Dads be like, “Picked out the t-shirt I’ll be wearing every weekend for the next 20 years.”
I love how we all talk about The Last Supper painting & nobody mentions that all 13 of those guys were sitting on the same side of the booth
I want to open up a Shakespeare theater in a Chinese restaurant.
Dimsummernight’s dream
My town had a really bad storm 2 days ago& my neighbor lost the roof of his house& the poor guy doesn’t have insurance. I’ve decided to start a gofundme to raise $ so I can go to Hawaii for a few weeks cuz he’s about to start doing construction& I hate being around all that noise
just shot off an email a split second before I realized I said “lick the link below”
“Did it hurt when you fell from Heaven?“
Lucifer: Are you hitting on me?
[2050, Quarantine Simulator: Day 4]
Test Patient: i don’t know what the big deal is. could do this forever.

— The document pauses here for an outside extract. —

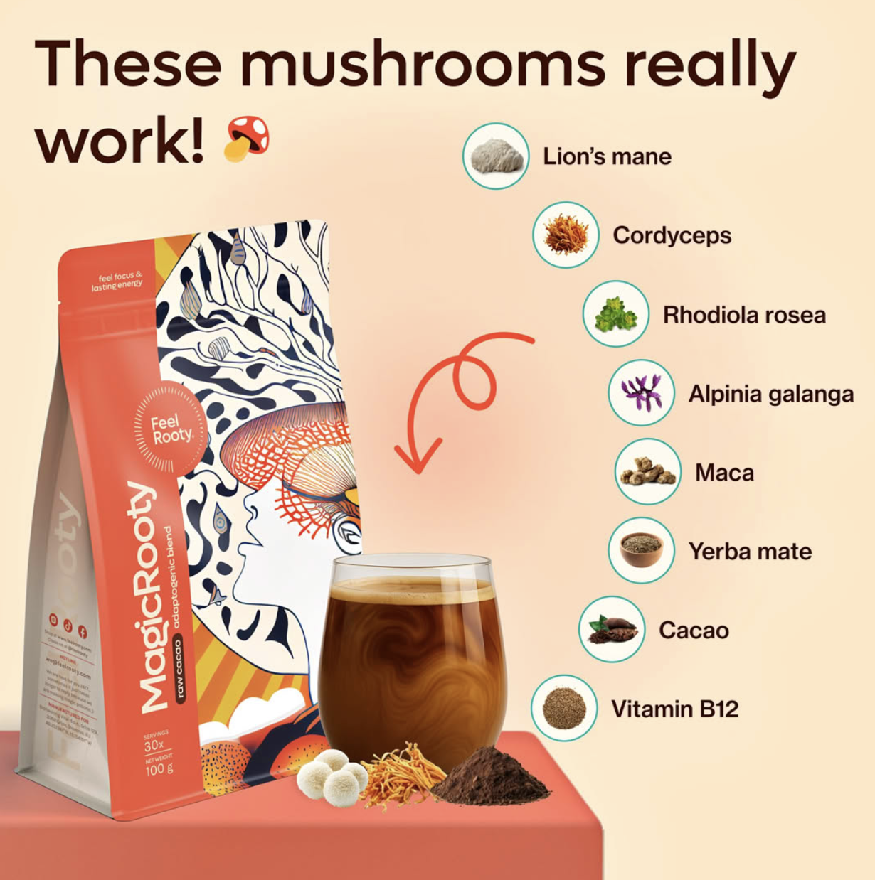 - Cacao : Better Mood, Maca : Energy, Yerba Mate : Mental Clarity

Doctor, into lapel: introduce children to simulation.
[34 mins. later]
Test Patient: *banging on two-way mirror*
Doctor: every time.
[Commercial for condoms]
*a baby cries*
NARRATOR: Condoms
OPTOMETRIST: Better or worse? Better or worse?

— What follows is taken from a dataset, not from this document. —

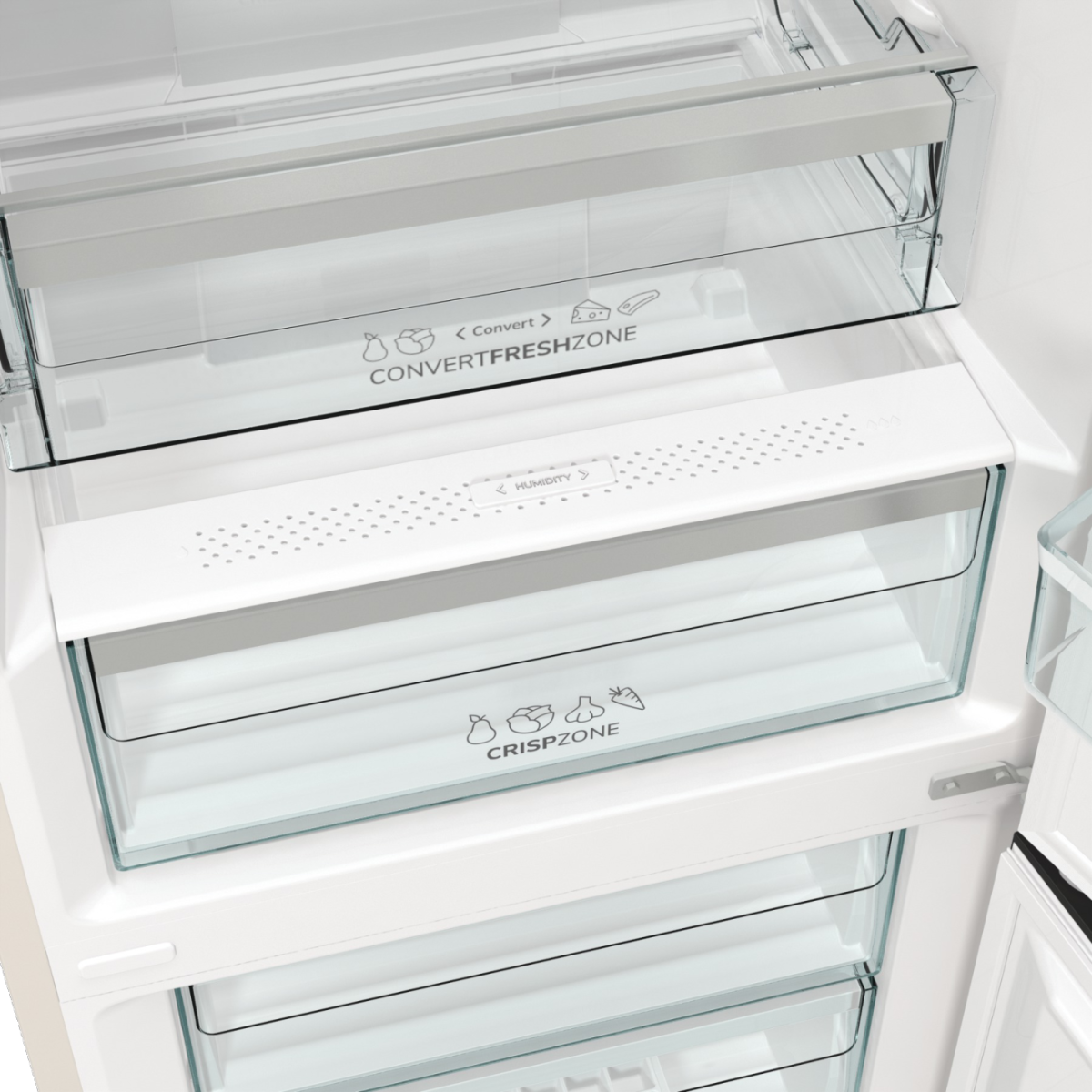 Prostorná zásuvka CrispZone je navržena tak, aby uchovala živiny a prodloužila čerstvost skladované zeleniny a ovoce díky nízké teplotě a možnosti regulace úrovně vlhkosti.

ME: You don’t *have* to talk during sex
“Your keys are over THERE.”
– Wow. You have eagle eyes!
“Yup. My vision is 20/20.”
– No. I mean they’re small, beady & kinda close together.
I need better friends
Apparently when a couple tells you they’re pregnant with their 6th kid it’s not cool to yell “OMG DUDE GET OFF HER.”
Me: “Can I buy you a drink?”
Her: “I have a boyfriend.”
Me to barman: “A beer for me and a ‘I have a boyfriend’ for the lady.”
I autograph every hotel Bible I find with “Best wishes, JC”.
There used to be 9 planets, just like there used to be 9 members of Wu-Tang, but then ODB died so they had to kick Pluto out of the group.
klingon
*two claps*
klingoff
[movie date]
me: i snuck in some snacks
date: omg !!!!!
me: *holding ramen noodles* do u have any boiling water
Getting fat sucks
Just not as much as vegetables
[interrogation]
“How do u kno the deceased?”
I was his drug dealer.
“Louder for the tape?”
[leans in]
I was his rug feeler. Tested his rugs.
spelling bee judge: your word is respect
me: can you use it in…a song
spelling bee judge: nice try
I wouldn’t ask a woman if she was pregnant even if I was performing a sonogram on her and the baby waved.
Husband: Can you ever be serious?
Me *using candy corn as fangs* Yeth.
A wise man once said if you understand why pizza is round, placed in a square box, and eaten as a triangle you will also understand falling victim to reading a long meaningless tweet and then share it in hopes of making someone else a victim of the tweeters cruel game.